Improving welding joints with fluid dynamics simulations - Dr. Marcin Serdeczny

Creating strong and repeatable joints at high speed with laser welding is a task of utmost importance in today’s engineering world. Ever-increasing requirements from the automotive industry push this technology to its maximum. Laser welding is a key step in manufacturing hairpin motors, which have several advantages over conventional winding motors when used in electric vehicles (EV). Hairpin technology relies on winding the electric motor with rectangular wires rather than traditional round wires. This enables denser and more deterministic winding which translates to higher power density, as well as easier automation of the production process. All in all, it brings us closer to creating less expensive and more powerful electric vehicles.

The challenge in creating hairpin motors is reliable melting and joining of hairpins with lasers.
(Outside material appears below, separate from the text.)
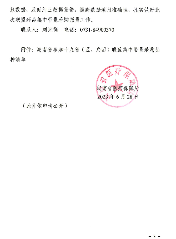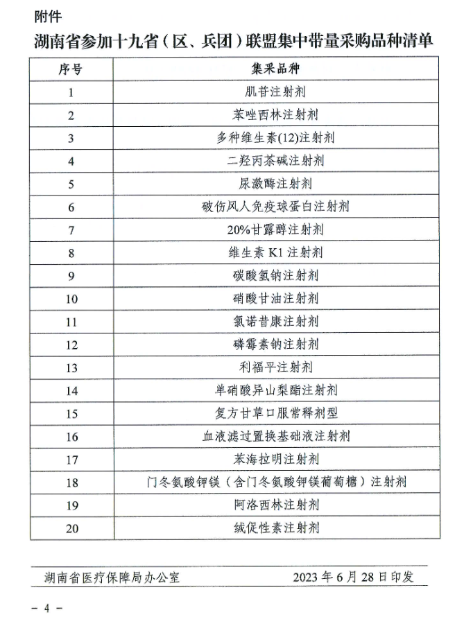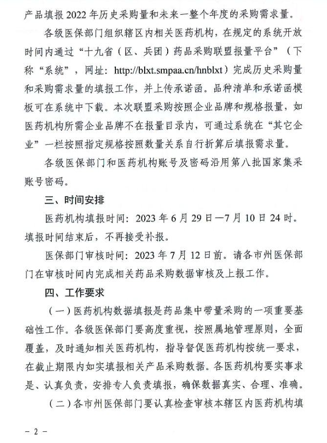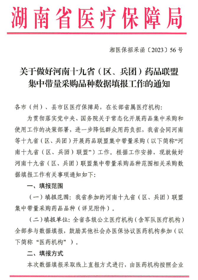 【衡阳】湘医保招采函〔2023〕56号-关于做好河南十九省(区、兵团)药品联盟集中带量采购品种数据填报工作的通知

From the moment when laser irradiation is absorbed at the copper bar surface, the welding process begins. The two adjacent hairpins are heated above the melting point and start to flow, creating a melt pool that is very sensitive to the amount of absorbed laser radiation, and which solidifies to create a joint after the laser shuts off. All of this happens in fractions of milliseconds and is repeated thousands of times for a single electric motor.

Computational fluid dynamics (CFD) simulations with FLOW-3D WELD let engineers look at this process at high spatial and temporal resolution, thanks to its high fidelity multiphysics solver. FLOW-3D WELD numerically solves the conservation equations of fluid flow, allowing the user to predict the shape and size of the melt pool during and after welding. This virtual test bench of the process enables optimization of the welding parameters and identification of the sources of defects and variations in the joint.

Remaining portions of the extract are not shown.